Color dominates our plant choices. We visit the garden center with our eye on the well-stocked aisles of multi-colored annuals and perennials.
The shrubs and trees that bloom in the spring rule our landscapes. We look to color to excite or soothe our emotions, enrich our lives and provide order and grace to our gardens.
In design we rely on the color wheel to make our color decisions. The circular arrangement of the primary colors of red and blue and yellow combine to provide secondary colors of purple, orange and green.
Harmony results by using related colors. Yellow goes with green or works well with orange and red in the opposite direction on the wheel. Complements are found across the color wheel and provide optical shock that creates interest and excitement in one bold stroke
Our emotions are on display with use of color in the garden. Yellow is cheerful, pink is frivolous, mauve is romantic and green restful. Warm a space with the use of reds, oranges and yellows, which also tend to advance or foreshorten a view. The cool colors of blue, mauve and violet recede in the landscape adding depth to a small garden. Use pale colored flowers and blue green foliage to cool a hot sunny area.
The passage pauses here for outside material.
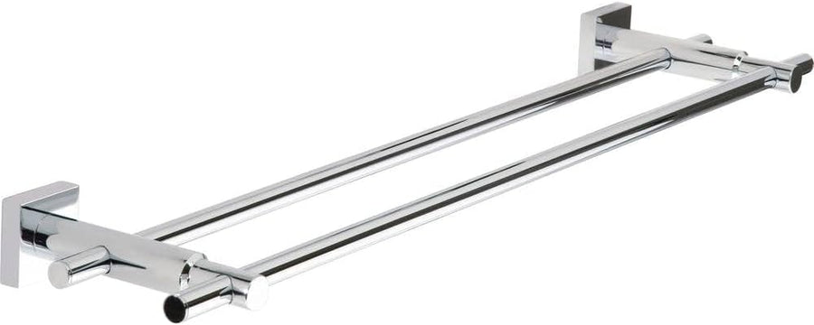 tesa HUKK Doppel-Handtuchstange, verchromt - Badetuchhalter mit 2 Stangen - zur Wandbefestigung ohne

To brighten a dark or shady corner, plant flowering shrubs or perennials that have clear, bright colored blooms. If you want to grab someone’s attention use RED. Intensify a color by surrounding it with a neutral shade such as white. Design creates a sense of order and unity, whereas the lack of design presents chaos and is best represented by crowding too many clashing colors in a small space.
Any color can be used as the theme in the design of a garden. The Klein-Pringle White garden at the JC Raulston Arboretum was influenced by the design of Vita Sackville-West’s White Garden at Sissinghurst Castle in Kent, England. Claude Monet, in the design of his Giverny Gardens outside Paris, would choose a dominant color that he interwove through the garden with contrasting and complementary hues.
Colorful foliage creates further interest long after seasonal flowers fade. A variegated plant grabs your attention when combined with a nearby plant whose bloom is the same color as the variegated leaf. By creating this color jump or echo you provide unity and contrast with dissimilar plants. Combine plants that have common cultural needs. Rearrange and refine your color combinations until they provide the spark you are looking for.